WORK ORDER.
Only the lines in the entries below from the line with "Wet Ones Hand" to the line with "ข่าวภารกิจผู้บังคับบัญชา 26 มกราคม", both included, belong in the answer, transcribed exactly and without pictures.

EXERCISE INPUT.
⁂

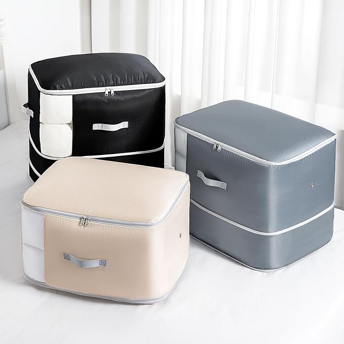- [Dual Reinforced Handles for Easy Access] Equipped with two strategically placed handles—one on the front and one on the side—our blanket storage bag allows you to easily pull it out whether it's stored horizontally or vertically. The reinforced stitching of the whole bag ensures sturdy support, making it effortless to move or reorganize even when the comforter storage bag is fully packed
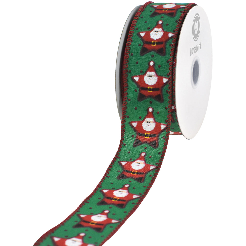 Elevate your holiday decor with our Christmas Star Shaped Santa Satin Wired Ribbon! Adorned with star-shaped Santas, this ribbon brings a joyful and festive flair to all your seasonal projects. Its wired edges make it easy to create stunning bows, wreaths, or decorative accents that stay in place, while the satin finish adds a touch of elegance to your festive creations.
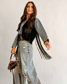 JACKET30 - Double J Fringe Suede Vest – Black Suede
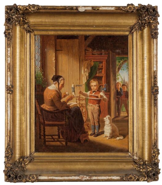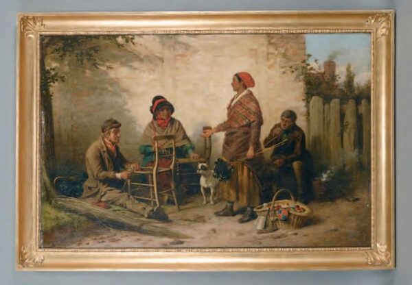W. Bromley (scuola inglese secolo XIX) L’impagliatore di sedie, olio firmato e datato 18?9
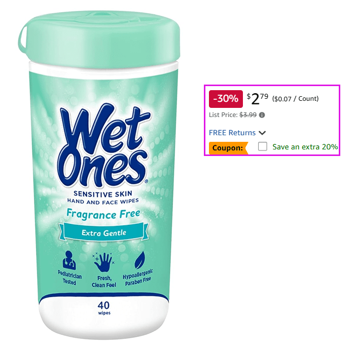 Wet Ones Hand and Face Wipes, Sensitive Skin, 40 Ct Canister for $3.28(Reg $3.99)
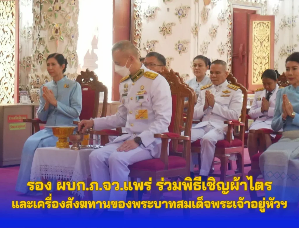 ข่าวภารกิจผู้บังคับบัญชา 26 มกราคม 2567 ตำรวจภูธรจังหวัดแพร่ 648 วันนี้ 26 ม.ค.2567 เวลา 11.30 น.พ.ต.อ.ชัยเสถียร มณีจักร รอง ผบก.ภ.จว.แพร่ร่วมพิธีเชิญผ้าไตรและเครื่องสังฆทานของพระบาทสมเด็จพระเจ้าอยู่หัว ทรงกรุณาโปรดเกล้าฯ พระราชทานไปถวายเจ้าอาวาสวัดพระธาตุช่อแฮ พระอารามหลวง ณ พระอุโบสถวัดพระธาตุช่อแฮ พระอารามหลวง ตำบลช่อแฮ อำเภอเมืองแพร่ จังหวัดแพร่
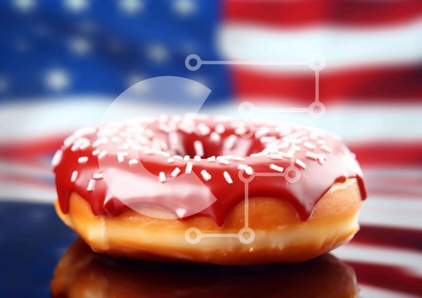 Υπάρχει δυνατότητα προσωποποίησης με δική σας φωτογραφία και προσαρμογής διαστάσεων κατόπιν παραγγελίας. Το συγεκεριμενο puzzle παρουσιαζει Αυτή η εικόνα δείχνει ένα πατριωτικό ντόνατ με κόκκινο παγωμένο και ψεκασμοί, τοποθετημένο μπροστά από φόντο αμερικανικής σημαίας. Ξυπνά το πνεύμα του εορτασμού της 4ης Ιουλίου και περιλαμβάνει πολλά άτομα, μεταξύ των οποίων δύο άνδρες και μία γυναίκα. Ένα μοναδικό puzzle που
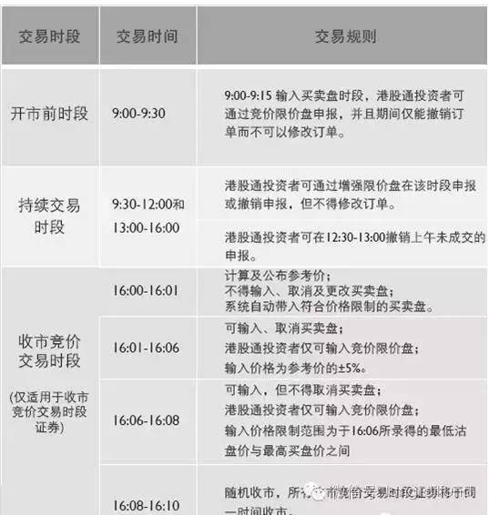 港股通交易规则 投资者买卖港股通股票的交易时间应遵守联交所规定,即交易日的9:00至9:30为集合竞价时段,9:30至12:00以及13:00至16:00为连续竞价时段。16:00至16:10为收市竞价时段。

⁂

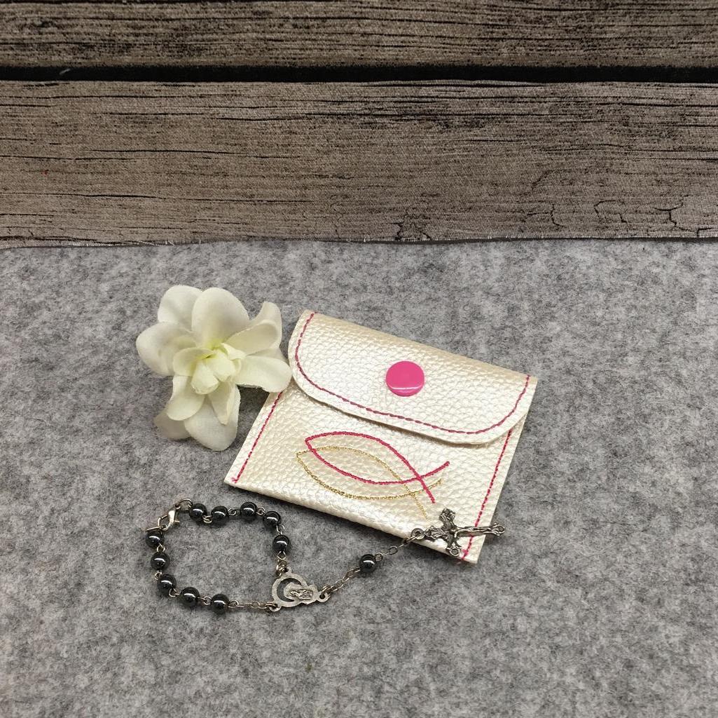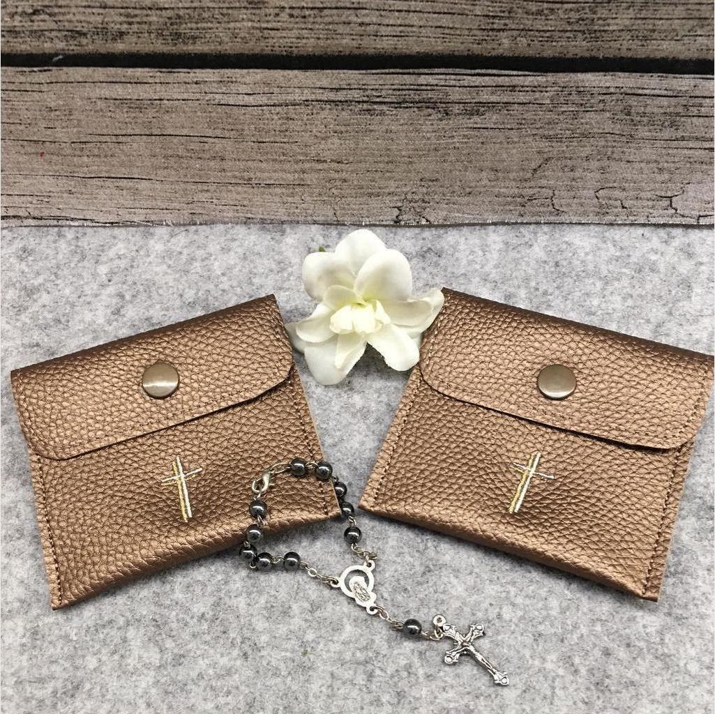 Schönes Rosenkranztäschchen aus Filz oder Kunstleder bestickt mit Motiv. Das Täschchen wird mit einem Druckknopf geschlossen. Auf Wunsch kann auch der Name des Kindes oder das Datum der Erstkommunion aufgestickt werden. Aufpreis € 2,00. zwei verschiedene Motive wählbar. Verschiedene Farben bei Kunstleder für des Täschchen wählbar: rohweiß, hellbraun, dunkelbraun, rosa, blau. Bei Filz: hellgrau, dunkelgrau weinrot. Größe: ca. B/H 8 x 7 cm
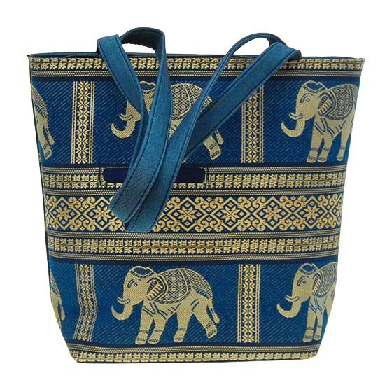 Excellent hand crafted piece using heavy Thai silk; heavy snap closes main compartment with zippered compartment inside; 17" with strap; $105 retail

⁂

FINAL ANSWER.
 Wet Ones Hand and Face Wipes, Sensitive Skin, 40 Ct Canister for $3.28(Reg $3.99)
 ข่าวภารกิจผู้บังคับบัญชา 26 มกราคม 2567 ตำรวจภูธรจังหวัดแพร่ 648 วันนี้ 26 ม.ค.2567 เวลา 11.30 น.พ.ต.อ.ชัยเสถียร มณีจักร รอง ผบก.ภ.จว.แพร่ร่วมพิธีเชิญผ้าไตรและเครื่องสังฆทานของพระบาทสมเด็จพระเจ้าอยู่หัว ทรงกรุณาโปรดเกล้าฯ พระราชทานไปถวายเจ้าอาวาสวัดพระธาตุช่อแฮ พระอารามหลวง ณ พระอุโบสถวัดพระธาตุช่อแฮ พระอารามหลวง ตำบลช่อแฮ อำเภอเมืองแพร่ จังหวัดแพร่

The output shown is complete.